Problem description → In the listing that follows, find the line with "Dale un toque", then copy exactly from it through the line with "افراح المريري يتشرف", leaving out every picture.

Data extracts →
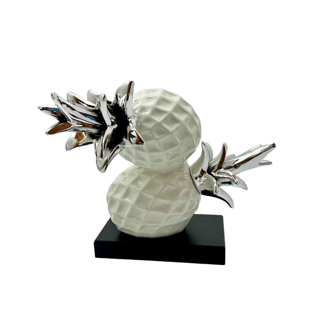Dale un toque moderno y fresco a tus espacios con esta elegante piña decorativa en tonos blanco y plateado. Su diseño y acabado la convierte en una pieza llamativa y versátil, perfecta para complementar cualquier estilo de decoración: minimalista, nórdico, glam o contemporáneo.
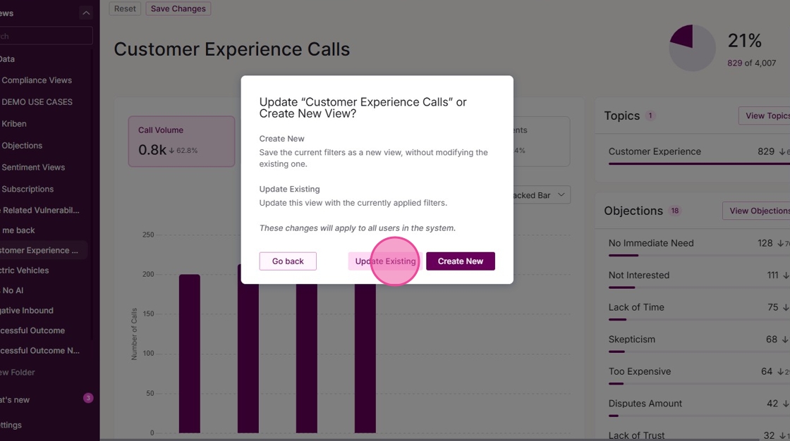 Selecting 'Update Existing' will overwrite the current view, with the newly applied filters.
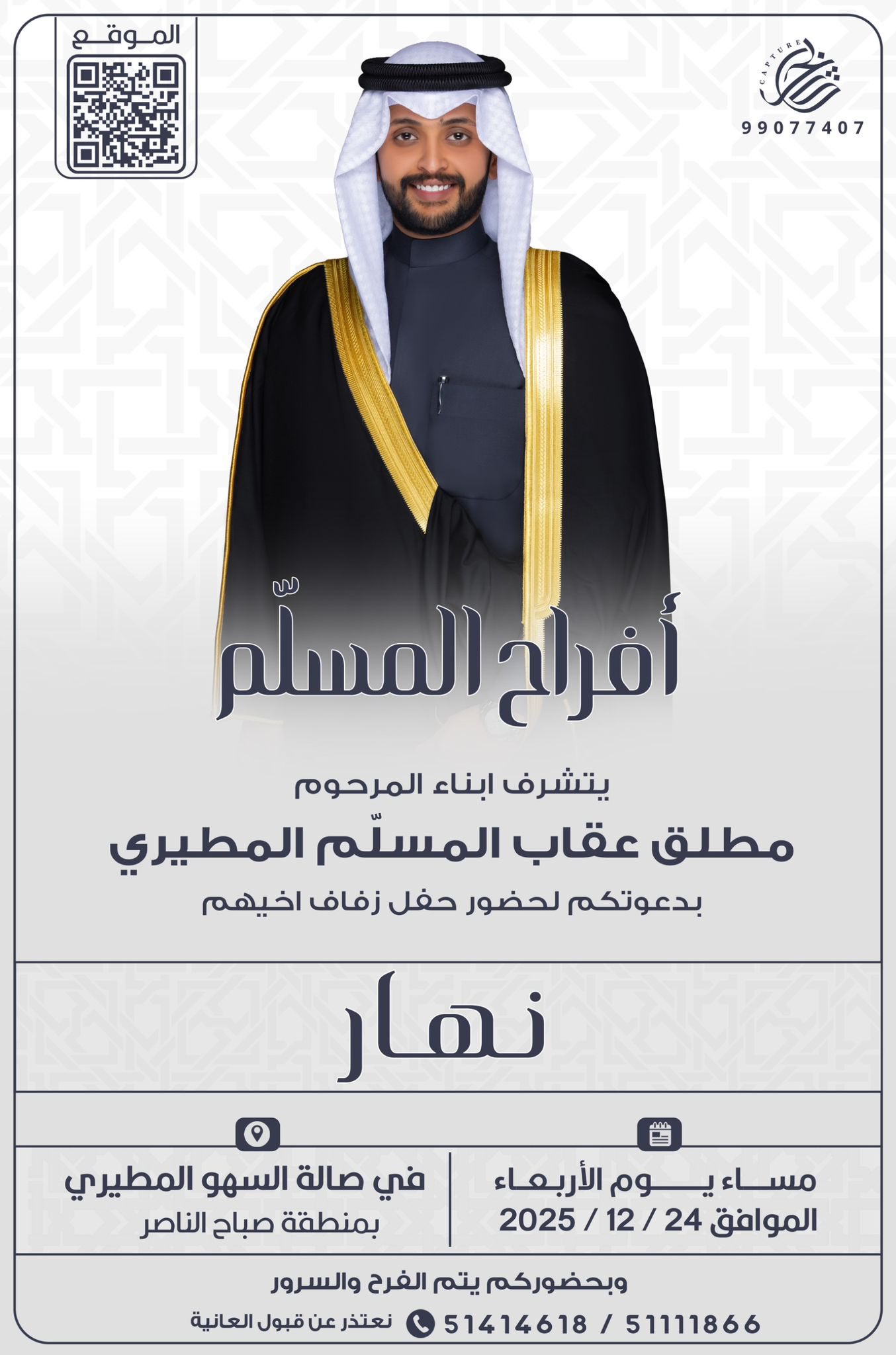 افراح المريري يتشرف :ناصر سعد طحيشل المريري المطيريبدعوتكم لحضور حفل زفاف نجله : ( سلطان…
...
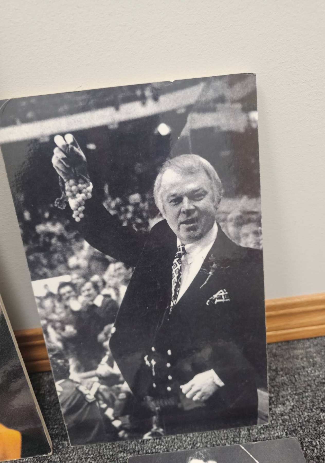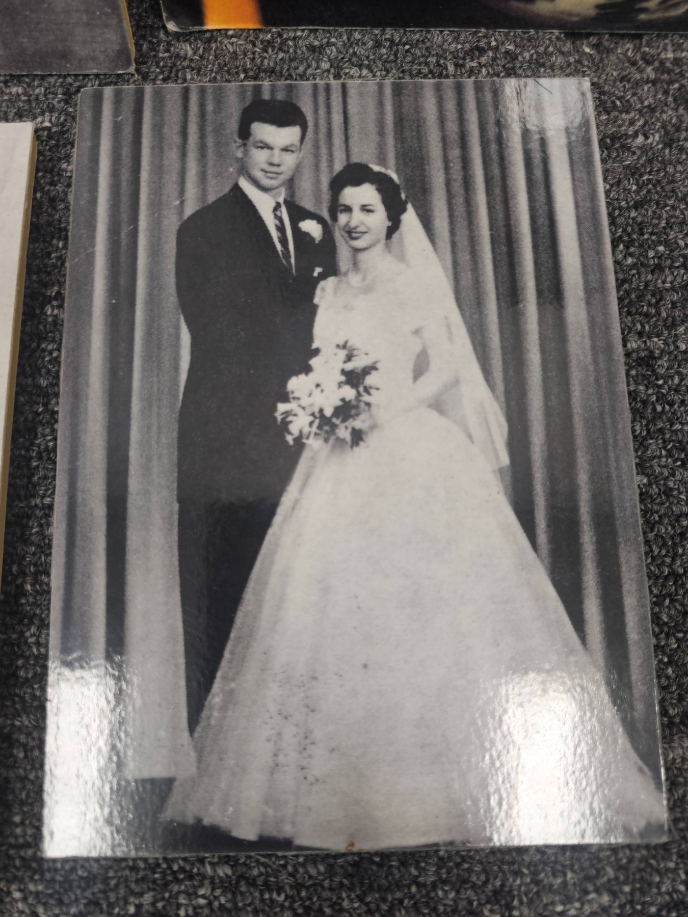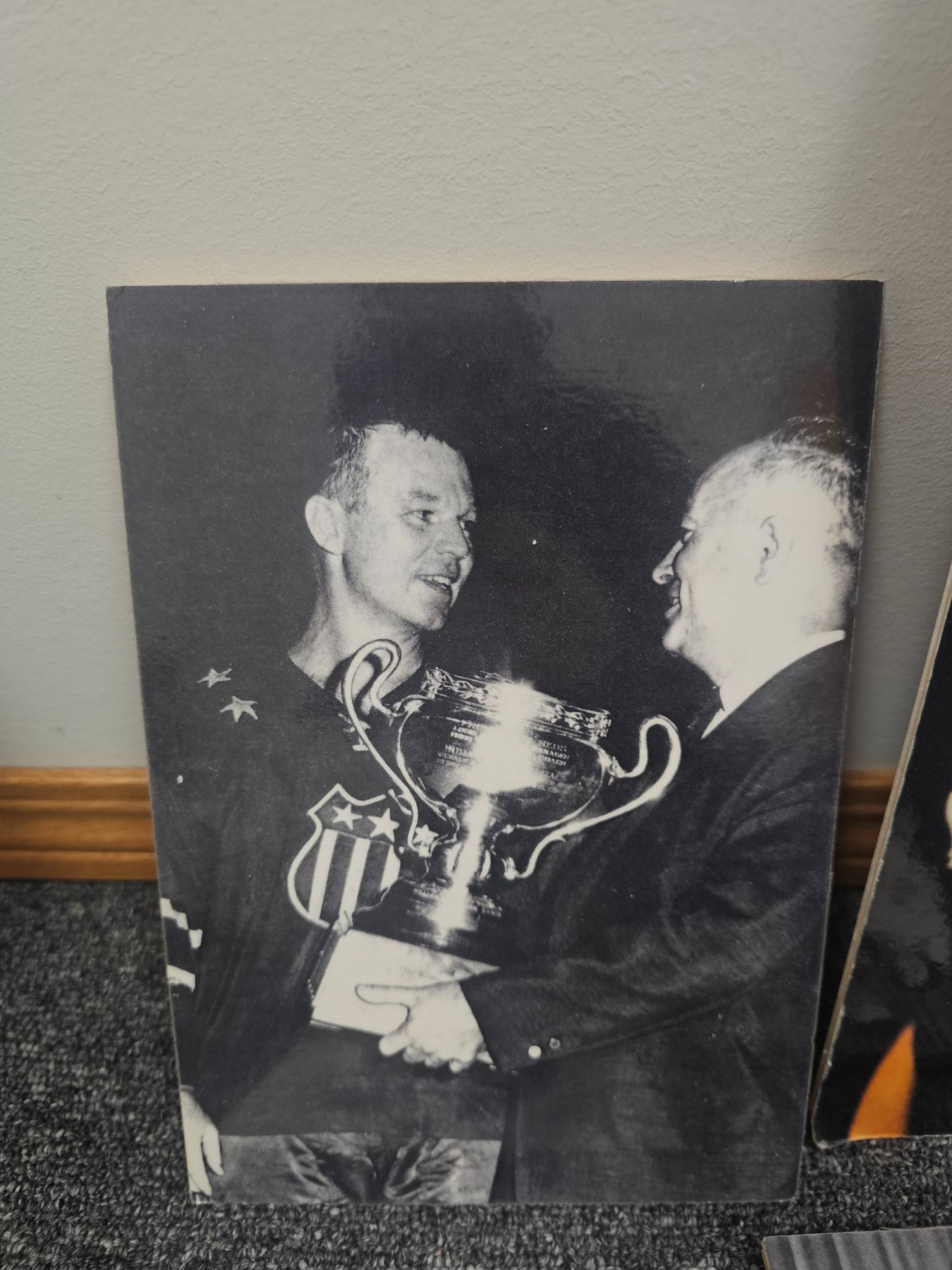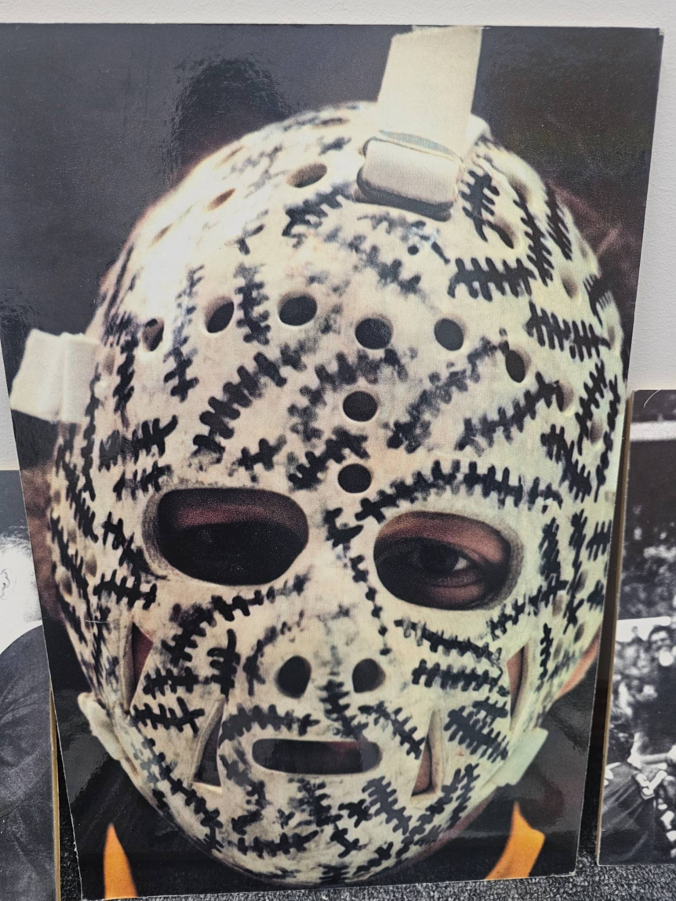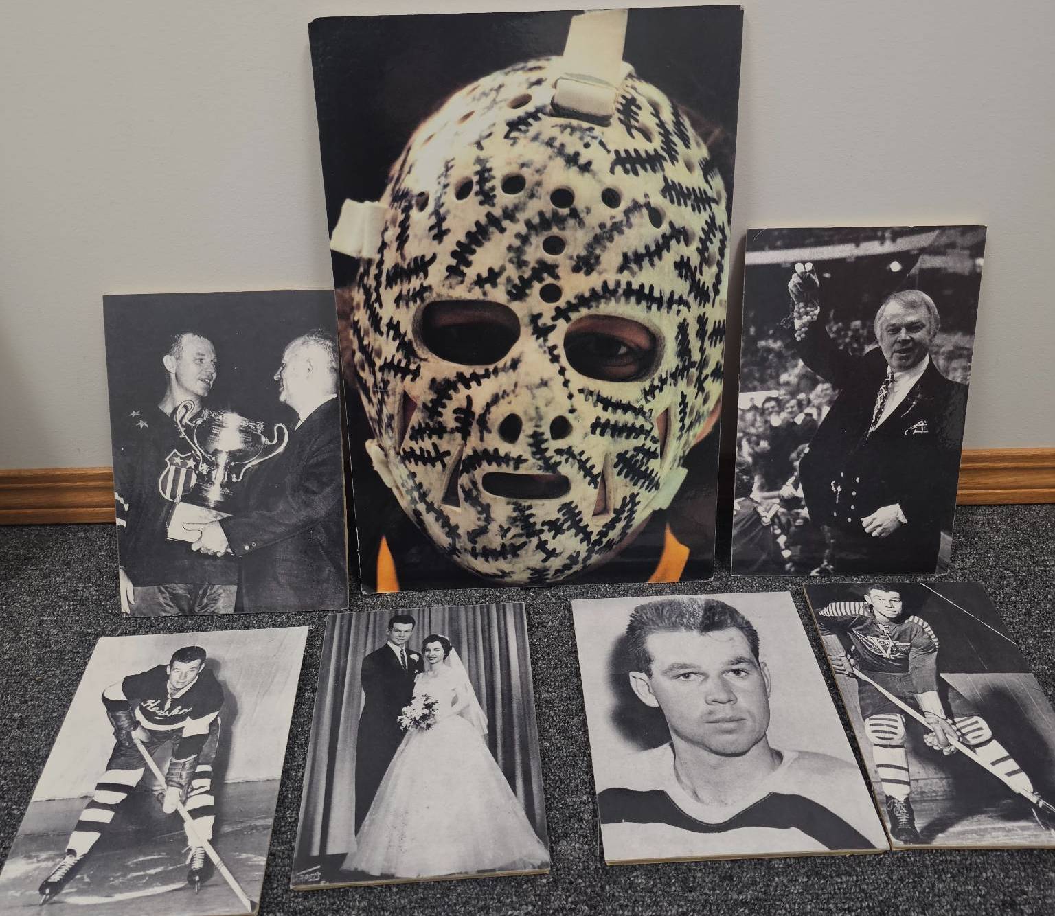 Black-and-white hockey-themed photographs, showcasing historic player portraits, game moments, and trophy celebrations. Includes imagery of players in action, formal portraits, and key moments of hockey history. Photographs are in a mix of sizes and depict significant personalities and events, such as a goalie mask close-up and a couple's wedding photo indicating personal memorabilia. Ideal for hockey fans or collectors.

Written response →
Dale un toque moderno y fresco a tus espacios con esta elegante piña decorativa en tonos blanco y plateado. Su diseño y acabado la convierte en una pieza llamativa y versátil, perfecta para complementar cualquier estilo de decoración: minimalista, nórdico, glam o contemporáneo.
 Selecting 'Update Existing' will overwrite the current view, with the newly applied filters.
 افراح المريري يتشرف :ناصر سعد طحيشل المريري المطيريبدعوتكم لحضور حفل زفاف نجله : ( سلطان…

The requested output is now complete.